El sábado recién pasado, cuando el perro Cholito yacía moribundo en algún basural de Santiago o simplemente ya llevaba horas muerto en ese mismo lugar, con un grupo de amigos nos encaminábamos a la cabaña de uno de ellos en las afueras de la ciudad, en un sector rural, en la punta de un cerro. Como anécdota, el dueño de casa contó entonces que entre los vecinos abundan las quejas porque a sus casas llegan ratones y conejos, así es que algunos ya planeaban un plan de exterminio.
Hubo consenso en la respuesta que había que darle a los que se quejaban: “Si te vas a vivir entre quebradas y abundante vegetación, ¿quién esperas que te visite, sino aquellos que llegaron allí antes que tú?…
¿Cuál fue la motivación que hubo detrás del apaleamiento brutal que recibió Cholito? Sea verdad o no que la dueña de la Galería Cristal en Patronato ordenó y pagó para que otros hicieran el trabajo sucio, lo concreto es que esa labor tenía un objetivo que finalmente se cumplió: Sacar a ese animal del lugar que habitaba porque no era “su” lugar, sino que «le pertenecía” a otro u otra.
El problema acá es el mismo de siempre y es uno que ha acompañado al Hombre eternamente: Un antropocentrismo brutal, adictivo, enfermizo; un comportamiento que construye sujetos y sujetas que parecieran caminar por la vida encapsulados, como rodeados de espejos que les impiden mirar más allá de su propio ser, de su propio yo.
En nuestro ombliguismo no soportamos, no aguantamos no tener, no poseer. Matamos perros porque invaden algo que “nos pertenece”. Matamos mujeres porque nos dejaron de “pertenecer”.
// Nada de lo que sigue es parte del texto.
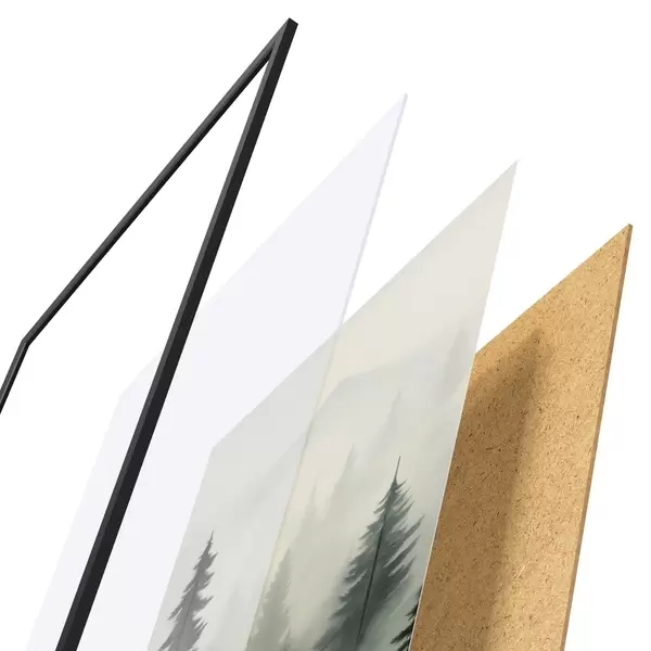De poster bestaat uit een frame, plexiglas, geprinte afbeelding en spaanplaat achterkant. De poster kan meteen aan de muur worden gehangen dankzij de bevestigingen op de achterkant.

En la paliza a Cholito está nuevamente esa idolatría y defensa de la propiedad privada por sobre cualquier otra cosa, incluso la vida. Ese fanatismo que no se reduce a la muerte de un perro, sino que -como hemos podido conocer- se traduce también en un papá y su hijo persiguiendo una noche a un tipo que quiso entrar a robar a la casa que les pertenecía hasta darle muerte, ya lejos de allí, a palos y fierros en la cabeza.
Ahí está también la respuesta que encontré ya de grande a la pregunta que me hacía cada vez que pasaba por fuera de la iglesia del centro de San Antonio, de por qué los indigentes tenían que dormir afuera y no adentro del templo en cuyo frontis se instalaban. Hoy ese lugar está enrejado.
Sin ir más lejos, es esa misma obsesión por “lo mío” lo que llevó a José Miguel Campbell, la primera persona condenada a prisión en Chile por maltrato animal, a amarrar a un camión a una perrita preñada y a arrastrarla por más de 500 metros, quemándola con el roce y fracturándole sus extremidades. El animal había atacado a unas aves que eran “propiedad” del sujeto.
Este sistema, el modelo de vida que llevamos, ha convertido no solo a Cholito en algo demasiado lejos de aquella idea del “mejor amigo del Hombre”. Ni el propio Hombre es el mejor amigo del Hombre.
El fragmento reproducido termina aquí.